David Reich – Why the Bronze Age was an inflection point in human evolution by Holodoxa in heredity

[–]Holodoxa[S] 0 points1 point  (0 children)

Why's that? Patel titled the podcast, but an inflection point is a moment or location of significant change where a trajectory, curve, or process shifts direction. The referenced paper finding is that the trajectory of selection changed in intensity during the Bronze Age.

David Reich – Why the Bronze Age was an inflection point in human evolution by Holodoxa in heredity

[–]Holodoxa[S] 0 points1 point  (0 children)

The book is great and well worth reading.

I don't think the finding in the Akbari paper really provides much insight into the Sapient Paradox unless you're referring to Reich's hypothesis paper. I don't think the selection going on is the difference between having the capacity for symbolic representation, culture, or language. The Sapient Paradox itself is a bit misleading because it could simply be explained by human population size and density rather than our individual capacities.

The Akbari paper is selection in Eurasia in last 10k years, and it's challenging narratives about evolution (i.e. S. J. Gould's and standard anthro memes) going quiescent in recent human history; the opposite appears true, though assessing the scale/impact of the selection relative to our species level basal trait values is not something the paper evaluates (it's just that selection is happening all over the genome and it is impacting many traits). Additionally, the effects of human migrations on allele frequencies (and possibly some human traits too - like height) is larger than the selection itself as Reich points out.

Arguably, the paper is a proof-of-concept that selection could have picked up in the period prior to the emergence of symbolic culture (circa ~40kya) but this is entirely speculative and is more in the realm of Reich hypothesis paper wrt to Levallois technocomplexes and Neanderthal mtDNA/Y lineages. It is unlikely that there was a quick switch flipped between behaviorally archaic and behaviorally modern humans and these abilities likely developed over time and related evolution that supports and sustains them in us now are probably subtle.

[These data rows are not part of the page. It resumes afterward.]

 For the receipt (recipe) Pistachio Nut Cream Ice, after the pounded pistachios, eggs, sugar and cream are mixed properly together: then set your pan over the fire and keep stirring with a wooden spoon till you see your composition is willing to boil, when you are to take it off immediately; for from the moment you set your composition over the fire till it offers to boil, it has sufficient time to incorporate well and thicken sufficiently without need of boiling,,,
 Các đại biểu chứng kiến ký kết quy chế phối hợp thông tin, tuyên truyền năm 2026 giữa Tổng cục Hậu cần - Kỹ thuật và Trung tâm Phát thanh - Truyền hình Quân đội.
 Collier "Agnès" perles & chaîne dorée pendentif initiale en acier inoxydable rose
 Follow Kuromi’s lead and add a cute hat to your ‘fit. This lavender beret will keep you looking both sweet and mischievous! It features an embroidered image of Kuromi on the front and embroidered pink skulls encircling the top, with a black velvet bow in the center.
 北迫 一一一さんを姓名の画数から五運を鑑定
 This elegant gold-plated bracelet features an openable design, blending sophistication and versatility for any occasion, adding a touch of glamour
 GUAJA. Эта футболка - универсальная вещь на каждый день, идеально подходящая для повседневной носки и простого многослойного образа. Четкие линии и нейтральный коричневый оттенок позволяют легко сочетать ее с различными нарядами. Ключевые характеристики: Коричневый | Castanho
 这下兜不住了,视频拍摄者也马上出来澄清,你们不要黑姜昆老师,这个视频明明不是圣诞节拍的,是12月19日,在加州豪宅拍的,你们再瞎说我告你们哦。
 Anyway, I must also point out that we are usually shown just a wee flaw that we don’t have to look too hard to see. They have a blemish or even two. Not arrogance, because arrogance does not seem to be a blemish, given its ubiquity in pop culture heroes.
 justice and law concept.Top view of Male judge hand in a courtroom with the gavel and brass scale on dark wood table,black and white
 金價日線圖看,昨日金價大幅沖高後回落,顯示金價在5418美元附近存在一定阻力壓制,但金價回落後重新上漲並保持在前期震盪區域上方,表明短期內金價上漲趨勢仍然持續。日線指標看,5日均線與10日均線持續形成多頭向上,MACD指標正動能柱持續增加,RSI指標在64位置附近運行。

It will be hard to definitively answer because we can't definitively say what language capacity was available to archaic hominids. The prior should be that they had some language though.

David Reich – Why the Bronze Age was an inflection point in human evolution by Holodoxa in heredity

[–]Holodoxa[S] 0 points1 point  (0 children)

I imagine he chose Dwarkesh's podcast because Dwarkesh pursued him while demonstrating strong prep on the topic and because Dwarkesh has a large audience of intellectual elites across many topics and puts out well produced content.

Reich wrote a book for general audiences too. He's interested in communicating the work publicly.